Differenziata in Sicilia

La Sicilia, sul fronte della raccolta differenziata, si impone come fanalino di coda tra tutte le regioni d'Italia. Il suo trend non è per nulla positivo, come d'altronde quello del meridione in generale. La media nazionale della raccolta differenziata è del 35,3%, ma su questo dato pesano i risultati negativi delle regioni del sud. Al settentrione la media è del 50%, vicino all'obiettivo nazionale del 60, mentre del centro è del 27% mentre al sud del 21%. La Sicilia fa addirittura peggio, e fa registrare un desolante 7%. Le prospettive non sono buone. La differenziata siciliana ha il tasso di crescita più basso in Italia (+o,5%).

Il giornale online Blog Sicilia utilizza l'arma dell'ironia per denunciare questa triste situazione. Secondo la testata, infatti, è sufficiente fare due calcoli: di questo passo, gli obiettivi circa la differenziata verranno raggiungi, in Sicilia, solamente nel 2128, dunque fra più di cent'anni.

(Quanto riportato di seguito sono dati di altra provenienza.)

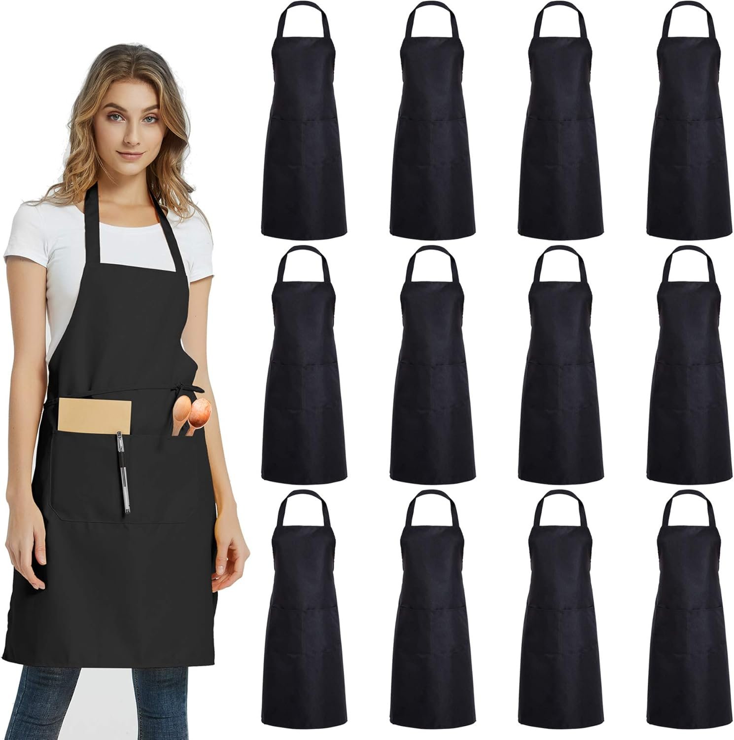 SUITABLE FOR MOST PEOPLE: Set includes 12 kitchen aprons of 30″ x 25″ with 24″ ties, suitable for different body shapes, whether a man or a woman, child or adult.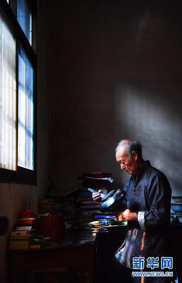 10月12日,丁國坤在家中為一件未成形的脫胎漆器進行“上漆”工序。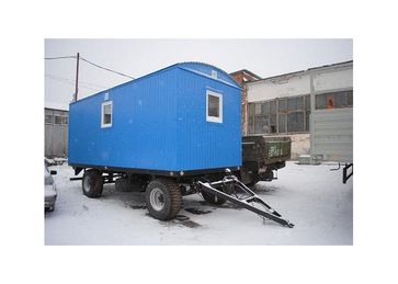 Здание мобильное представляет собой каркас – цельно металлический сварной конструкции из труб прямоугольного сечения. Каркас приварен к платформе прицепа шасси изготовленного из сортового проката. Снаружи стены и крыша обшиты оцинкованным крашеным профнастилом Н-10, днище – лист S1,5. Утепление: полистирольные плиты (ПСБС) и ИЗОЛОНПол - 150 мм.Стены - 100 мм.Потолок - 100 мм. Внутренняя отделка:Пол – Фанера-15мм (лист-рефленка для компоновок с сушильными шкафами и мастерских), покрыты утепленным линолеумом.Стены – ЛДСП 16мм (лист, оцинкованный S 0,8 мм для компоновок с сушильными шкафами и мастерских).Потолок – потолочные панели (ПВХ). Отопление – автономное, от масляных радиаторов. Освещение вагона производится с помощью светильников стационарной установки серии НПБ. Система вентиляцииЕстественная: через окно и канальные вентиляторы.Принудительная: через кондиционер. Прицеп шасси с поворотным кругом. Прицепы оборудованы двух проводной тормозной системой с колесными механизмами барабанного типа, стояночной тормозной системой с механическим ручным приводом. Имеются пневмо и электровыводы к тягачу, запасное колесо. Трап с поручнями в мобильном положении складывается под днищем. Шасси сертифицировано, оформляются ПСМ.

Il blog rintraccia le colpe in una gestione amministrativa che ha del pessimo. Innanzitutto, determinante si è rivelata la proliferazione delle aziende di smaltimento, le cosiddette ATO, che in Sicilia sfiorano la trentina. Ogni aziende copre solo 70mila abitanti, quando invece la proporzione adatta è di 300mila abitanti per ogni ATO.

Le metodiche, inoltre, si rivelano obsolete e "vecchie". Praticamente identiche a quelle in uso prima del 1997, ossia prima della normativa per la raccolta differenziata varata dal governo nazionale l'anno successivo. E dunque: raccolta, spazzamento, conferimento in discarica.

L'ultima interrogazione parlamentare a riguardo, datata ottobre 2010, non faceva mistero del problema rifiuti in Sicilia: "Attualmente in Sicilia il ciclo dei rifiuti può, più realisticamente, essere definito un “non ciclo”, in quanto i rifiuti vengono conferiti in discarica e vi sono percentuali di RD bassissime in quasi tutti i comuni siciliani".